Why Folks in America's Heartland Care So Much About Their Trucks

The "heartland" is a pickup...or at least it is imagined as one.

You'd think the Heartland boasts more complexity to its character than a pickup. That is true, but the truck helps the Heartland become more than physical geography, more than a place, but actually starts to describe an identity.

Not every truck owner purchases a truck to belong to this identity, but for many, the ownership of a pickup stands as a metaphorical key that can unlock the spirit of America's Heartland culture.

Rolling Start

In the late 20th Century, the term "Heartland" spilled into America's lexicon as a description of the geographic Midwestern region of the United States. According to Dr. William Barillas, a professor at the University of Wisconsin - La Crosse, the area was considered by business professionals and journalists as the center of the American population and the nation's industrial core.

However, later in the century, American writers and poets critiqued and altered the former meaning of the Heartland as they began to conjure images of rural farms, tranquil forests, and backcountry streams to describe the Heartland in their literary works.

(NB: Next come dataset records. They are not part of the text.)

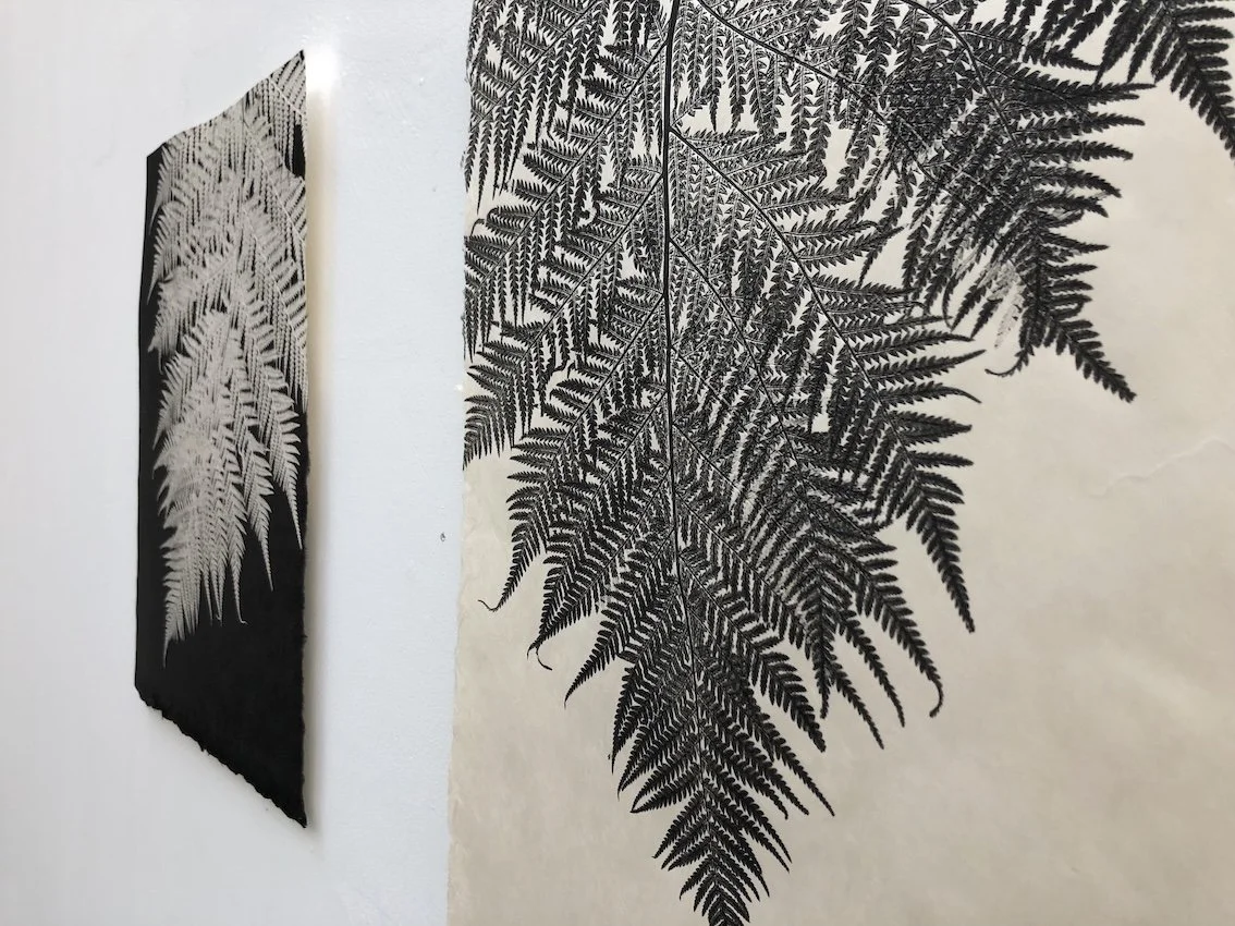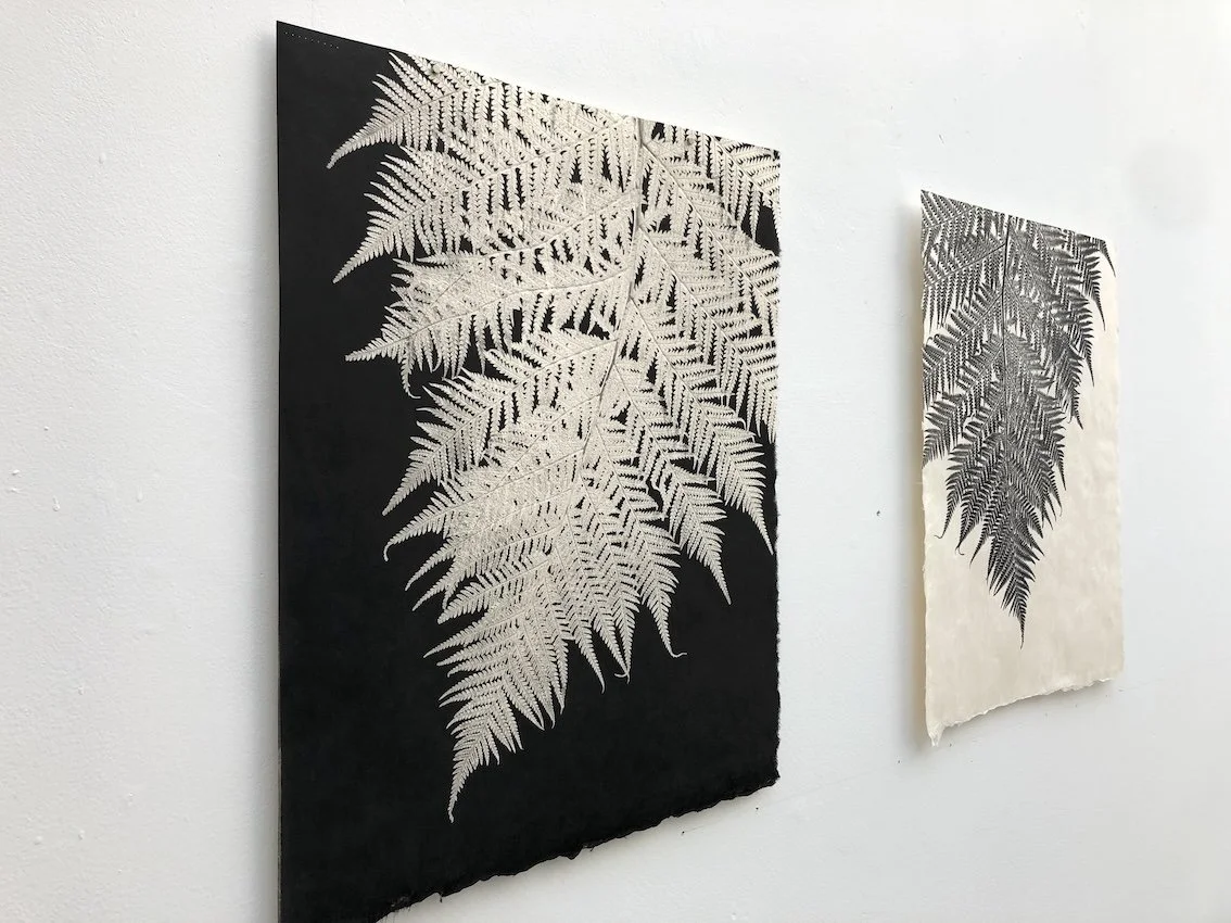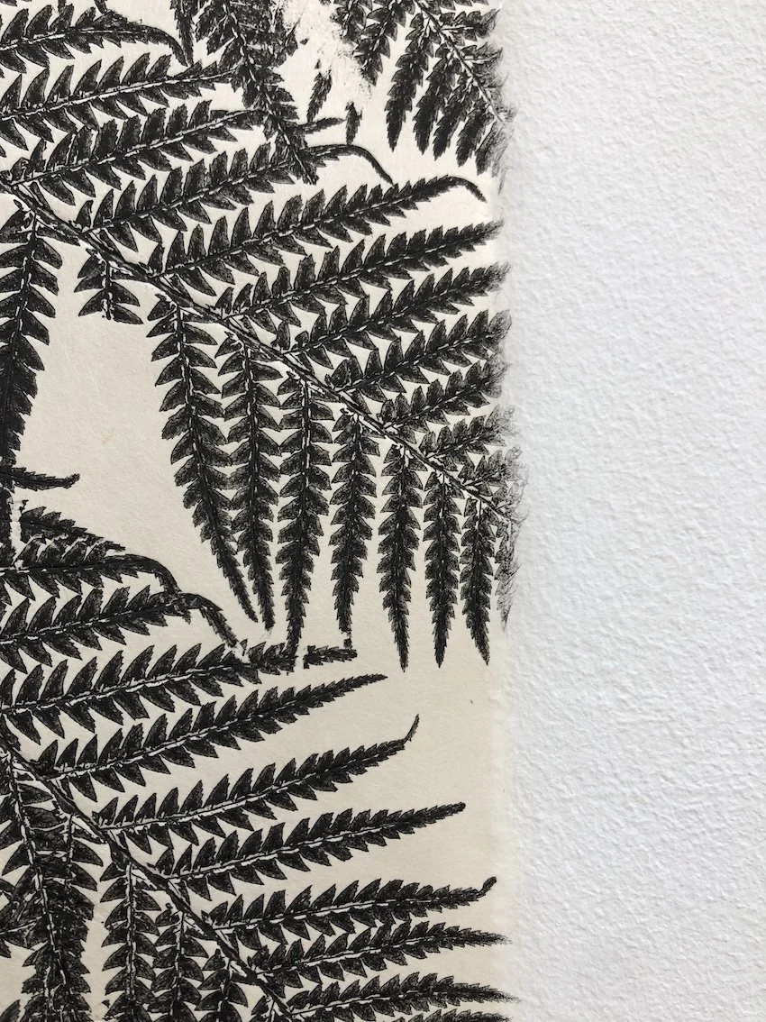 Botanical monotype prints made with tree fern fronds, Dicksonia antarctica.
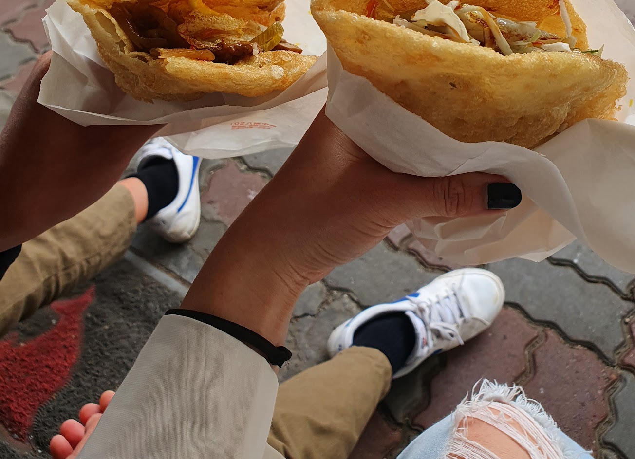 點了蔬脆蛋餅及咖喱蛋餅,嗯,蛋餅做法是酥脆,夾入不同內餡及蔬菜,咬一口,嘴中是多層次的感受,喔!特別是有酸菜,其他地方不常看到!價格還好,雖然有些油膩,但順便買附近當地仙人掌果汁,喝喝後,就非常的OK喔!
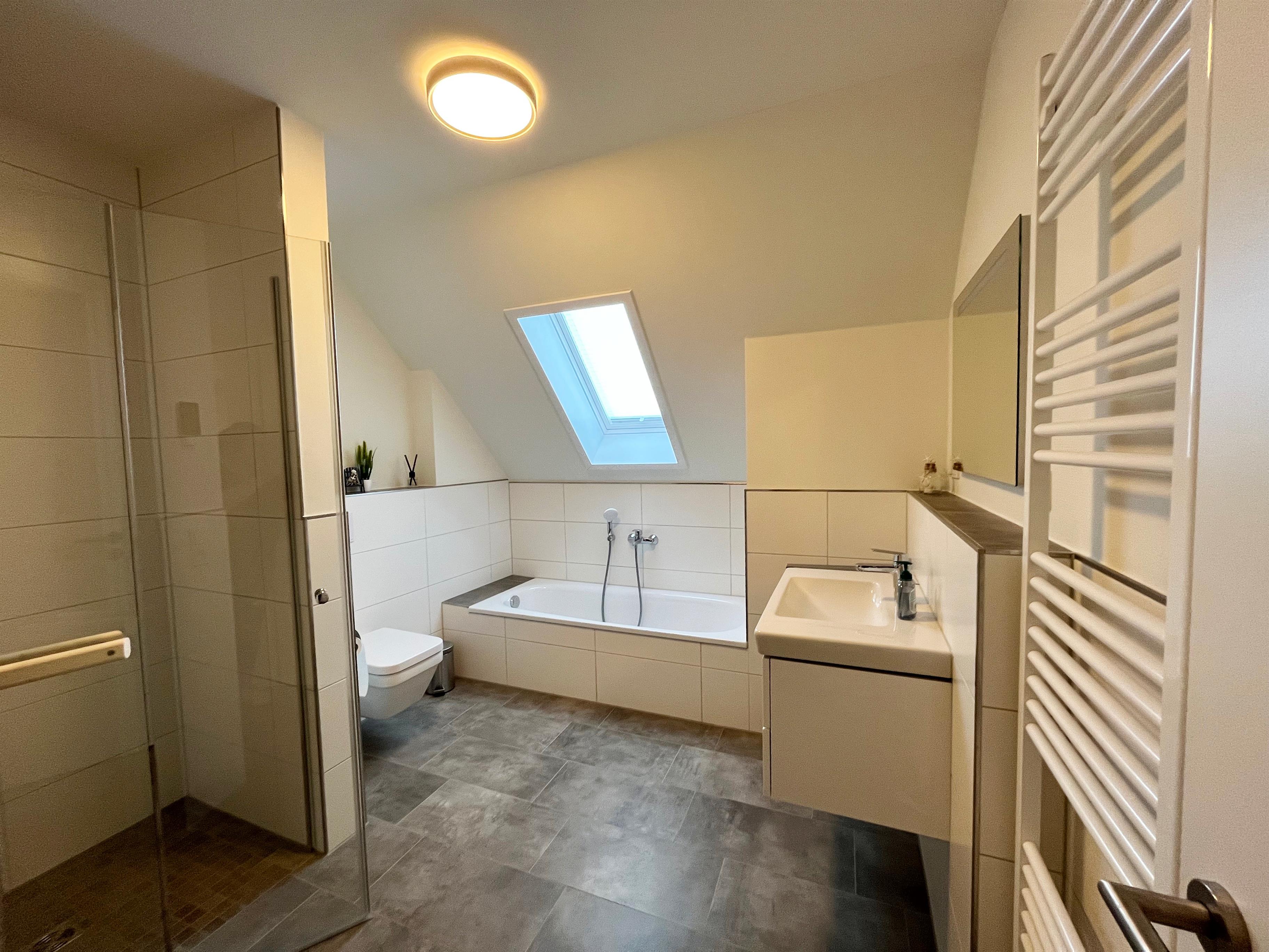 Im eigenen Garten finden wir neben einer überdachten Terrasse mit Sonnenschutz einen Grill vor. Für die kalte Jahreszeit lädt der Ofen für gemütliche Stunden auf dem Sofa ein oder eine im Bad integrierte Sauna.

It may not have been a clean break from the former imagination, and legacies still may persist, but what took hold in the American imagination of this area was of small towns, farms, and all the symbols which go with them.

One of the most powerful symbols of farm life, culture, and identity is none other than the pickup truck.

A Symbol of the Heartland

The image of the pickup is parked at the intersection of both 20th Century imaginings of the Heartland. Trucks are produced in factories, and aid in work and home life tasks like hauling lumber or helping a friend move.

These half-beds stood as emblems of modernity. Yet, they were painted onto a canvas of a perceived former, pastoral, or possibly, more "traditional" time and place as they sat in their owner's barn, garage, or dirt driveway.

They are time, memory, and being.

The pickup blurs the line between American historical modernity and tradition, as it exists in both. It is a way to connect to the past while also forging ahead on the frontier of the future.

In our contemporary moment, the pickup symbolizes our life, one caught between the old and the new. It's not surprising that the idea of the Heartland was conceived of in the same manner. The truck is a half-bed of history.

Even now, the Heartland as we know it is shifting. It's not limited by where you live, or how you make a paycheck. It's that connection to how things used to be, in a slower, safer, less stress-filled world. It's the need to feel self-sustaining, self-assure, and self-respecting.

Why They Care

Some owners purchase a truck because that is what was owned by their father or grandfather. For them, the truck connects them with the perception of their family held in their memory.

Others will love a truck because it helps them ably perform their job. Their love of the vehicle may spawn from heritage or necessity, but no matter their reasons, it marks their belonging into personal and communal histories.

With their ticket punched, they inherit the legacies of the truck—a membership into the Heartland.

For me, the pickup's popularity stems from the powerful ties to family, community, and those "fly-over-states" sung about by Jason Aldean. But it is also concerned with a person's identity, both present and future.

A pickup owner tends to their history, yet needs to explore new territories and build new roads.

This situates why I believe the Heartland loves its trucks, but it's only one dimension in a complex mythology.

Do you think the Heartland cares about trucks? Why? Sharing a story or experience with someone forms the building blocks of the meaning of a truck and the Heartland.

So ask that question of the truck owners among your family and friends. I bet there are a bunch.